On Mon, Feb 10, 2014 at 12:51:02PM -0800, Andrew Morton wrote:
> On Fri, 7 Feb 2014 16:26:01 -0500 Johannes Weiner <hannes@xxxxxxxxxxx> wrote:
>
> > On Fri, Feb 07, 2014 at 12:31:29PM -0800, Andrew Morton wrote:
> > > On Fri, 7 Feb 2014 13:13:32 -0500 Johannes Weiner <hannes@xxxxxxxxxxx> wrote:
> > >
> > > > @@ -63,6 +64,9 @@ int drop_caches_sysctl_handler(ctl_table *table, int write,
> > > > iterate_supers(drop_pagecache_sb, NULL);
> > > > if (sysctl_drop_caches & 2)
> > > > drop_slab();
> > > > + printk_ratelimited(KERN_INFO "%s (%d): dropped kernel caches: %d\n",
> > > > + current->comm, task_pid_nr(current),
> > > > + sysctl_drop_caches);
> > > > }
> > > > return 0;
> > > > }
> > >
> > > My concern with this is that there may be people whose
> > > other-party-provided software uses drop_caches. Their machines will
> > > now sit there emitting log messages and there's nothing they can do
> > > about it, apart from whining at their vendors.
> >
> > Ironically, we have a customer that is complaining that we currently
> > do not log these events, and they want to know who in their stack is
> > being idiotic.
>
> Right. But if we release a kernel which goes blah on every write to
> drop_caches, that customer has logs full of blahs which they are
> now totally uninterested in.
>
> > > We could do something like this?
> >
> > They can already change the log level.
>
> Suppressing unrelated things...
>
> > The below will suppress
> > valuable debugging information in a way that still results in
> > inconspicuous looking syslog excerpts, which somewhat undermines the
> > original motivation for this change.
>
> Yes, somewhat. It is a compromise. You can see my concern here?

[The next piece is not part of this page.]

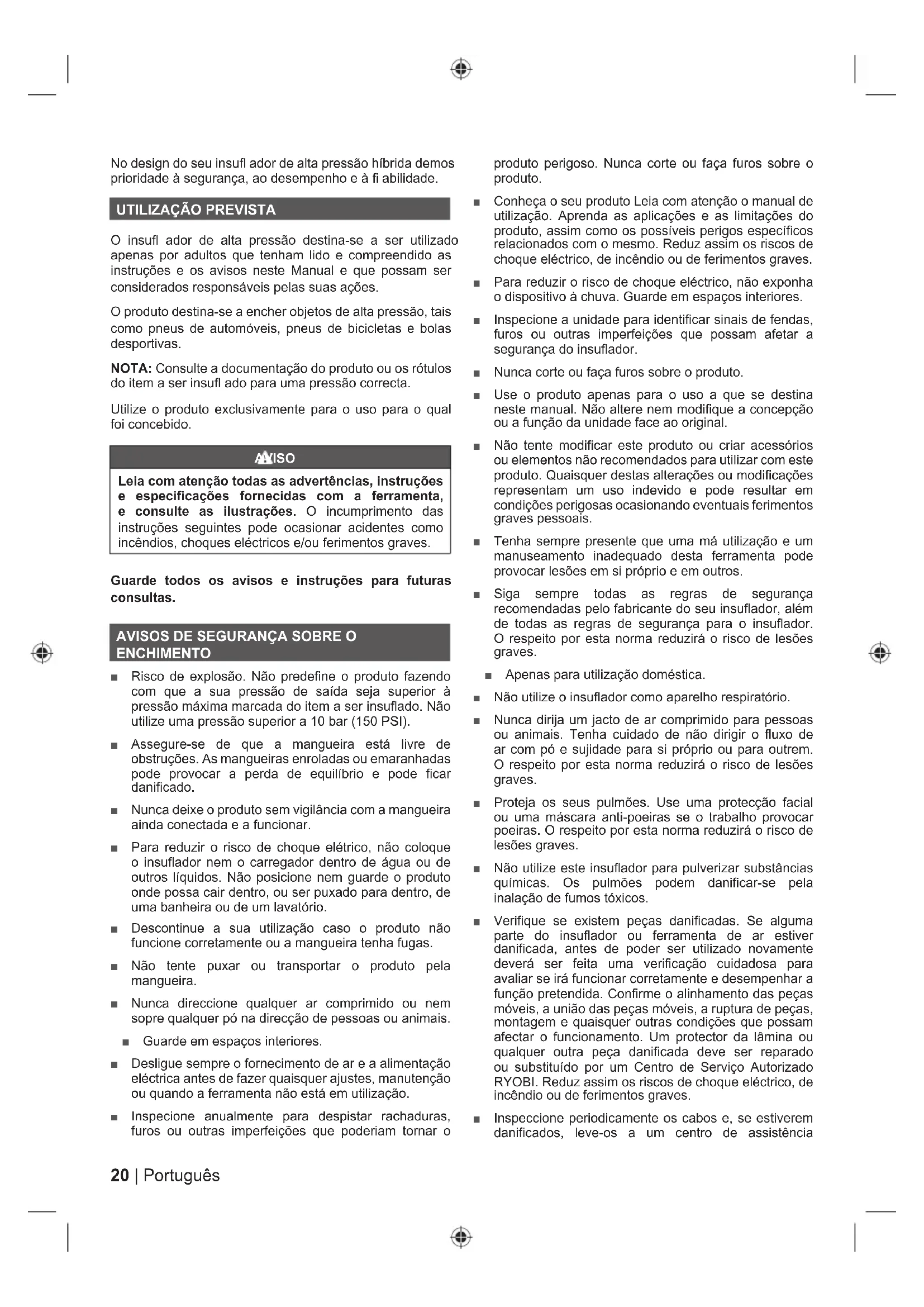 ENCHIMENTO ■ Risco de explosão. Não predefine o produto fazendo com que a sua pressão de saída seja superior à pressão máxima marcada do item a ser insuflado. Não utilize uma pressão superior a 10 bar (150 PSI). ■ Assegure-se de que a mangueira está livre de obstruções. As mangueiras enroladas ou emaranhadas pode provocar a perda de equilíbrio e pode ficar danificado. ■ Nunca deixe o produto sem vigilância com a mangueira ainda conectada e a funcionar. ■ Para reduzir o risco de choque elétrico, não coloque o insuflador nem o carregador dentro de água ou de outros líquidos. Não posicione nem guarde o produto onde possa cair dentro, ou ser puxado para dentro, de uma banheira ou de um lavatório. ■ Descontinue a sua utilização caso o produto não funcione corretamente ou a mangueira tenha fugas. ■ Não tente puxar ou transportar o produto pela mangueira. ■ Nunca direccione qualquer ar comprimido ou nem sopre qualquer pó na direcção de pessoas ou animais. ■ Guarde em espaços interiores. ■ Desligue sempre o fornecimento de ar e a alimentação eléctrica antes de fazer quaisquer ajustes, manutenção ou quando a ferramenta não está em utilização. ■ Inspecione anualmente para despistar rachaduras, furos ou outras imperfeições que poderiam tornar o produto perigoso. Nunca corte ou faça furos sobre o produto. ■ Conheça o seu produto Leia com atenção o manual de utilização. Aprenda as aplicações e as limitações do produto, assim como os possíveis perigos específicos relacionados com o mesmo. Reduz assim os riscos de choque eléctrico, de incêndio ou de ferimentos graves. ■ Para reduzir o risco de choque eléctrico, não exponha o dispositivo à chuva. Guarde em espaços interiores. ■ Inspecione a unidade para identificar sinais de fendas, furos ou outras imperfeições que possam afetar a segurança do insuflador. ■ Nunca corte ou faça furos sobre o produto. ■ Use o produto apenas para o uso a que se destina neste manual. Não altere nem modifique a concepção ou a função da unidade face ao original. ■ Não tente modificar este produto ou criar acessórios ou elementos não recomendados para utilizar com este produto. Quaisquer destas alterações ou modificações representam um uso indevido e pode resultar em condições perigosas ocasionando eventuais ferimentos graves pessoais. ■ Tenha sempre presente que uma má utilização e um manuseamento inadequado desta ferramenta pode provocar lesões em si próprio e em outros. ■ Siga sempre todas as regras de segurança recomendadas pelo fabricante do seu insuflador, além de todas as regras de segurança para o insuflador. O respeito por esta norma reduzirá o risco de lesões graves. ■ Apenas para utilização doméstica. ■ Não utilize o insuflador como aparelho respiratório. ■ Nunca dirija um jacto de ar comprimido para pessoas ou animais. Tenha cuidado de não dirigir o fluxo de ar com pó e sujidade para si próprio ou para outrem. O respeito por esta norma reduzirá o risco de lesões graves. ■ Proteja os seus pulmões. Use uma protecção facial ou uma máscara anti-poeiras se o trabalho provocar poeiras. O respeito por esta norma reduzirá o risco de lesões graves. ■ Não utilize este insuflador para pulverizar substâncias químicas. Os pulmões podem danificar-se pela inalação de fumos tóxicos. ■ Verifique se existem peças danificadas. Se alguma parte do insuflador ou ferramenta de ar estiver danificada, antes de poder ser utilizado novamente deverá ser feita uma verificação cuidadosa para avaliar se irá funcionar corretamente e desempenhar a função pretendida. Confirme o alinhamento das peças móveis, a união das peças móveis, a ruptura de peças, montagem e quaisquer outras condições que possam afectar o funcionamento. Um protector da lâmina ou qualquer outra peça danificada deve ser reparado ou substituído por um Centro de Serviço Autorizado RYOBI. Reduz assim os riscos de choque eléctrico, de incêndio ou de ferimentos graves. ■ Inspeccione periodicamente os cabos e, se estiverem danificados, leve-os a um centro de assistência21 Português |

How about this: we allow disabling the log message, but print the line
of the disabling call so it's clear who dunnit. To make sure valuable
info is not missing in bug reports, add counters for the two events in
/proc/vmstat.

Does that sound acceptable?

---
From: Dave Hansen <dave@xxxxxxxxxxxxxxxxxx>
Date: Fri, 12 Oct 2012 14:30:54 +0200
Subject: [patch] drop_caches: add some documentation and info message

There is plenty of anecdotal evidence and a load of blog posts
suggesting that using "drop_caches" periodically keeps your system
running in "tip top shape". Perhaps adding some kernel documentation
will increase the amount of accurate data on its use.

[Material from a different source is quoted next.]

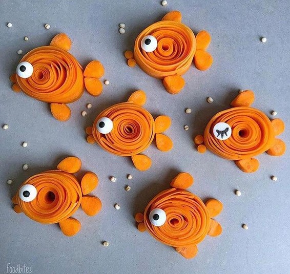 Креативная девушка работает, в основном, с овощами и фруктами. Она буквально оживляет вкусные продукты и превращает их в супер-милых персонажей. Каждая ее поделка - съедобное произведение искусства!
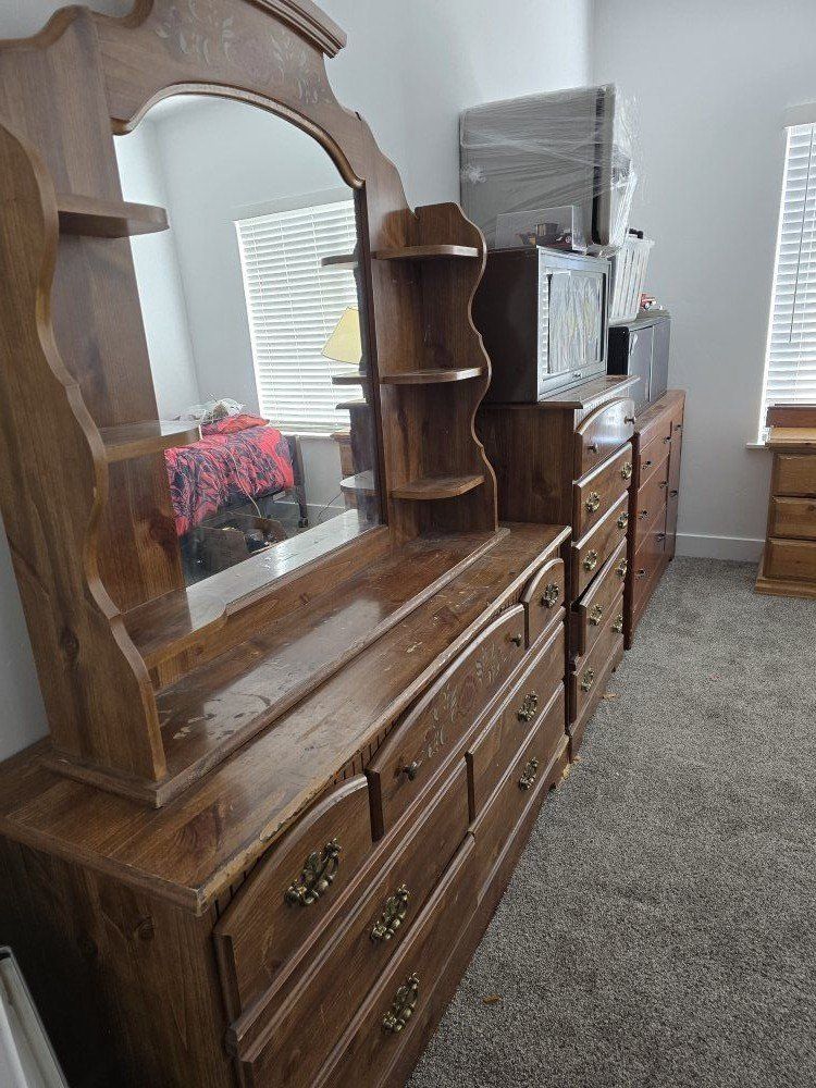 PayPalbedroom set dresser, mirror, chest, and night table..100 for the set. Need it gone asap. if I don't answered messages timely I may not have recieved it. please try text text

If we are not shrinking caches effectively, then we have real bugs.
Using drop_caches will simply mask the bugs and make them harder to
find, but certainly does not fix them, nor is it an appropriate
"workaround" to limit the size of the caches. On the contrary, there
have been bug reports on issues that turned out to be misguided use of
cache dropping.

Dropping caches is a very drastic and disruptive operation that is
good for debugging and running tests, but if it creates bug reports
from production use, kernel developers should be aware of its use.

Add a bit more documentation about it, a syslog message to track down
abusers, and vmstat drop counters to help analyze problem reports.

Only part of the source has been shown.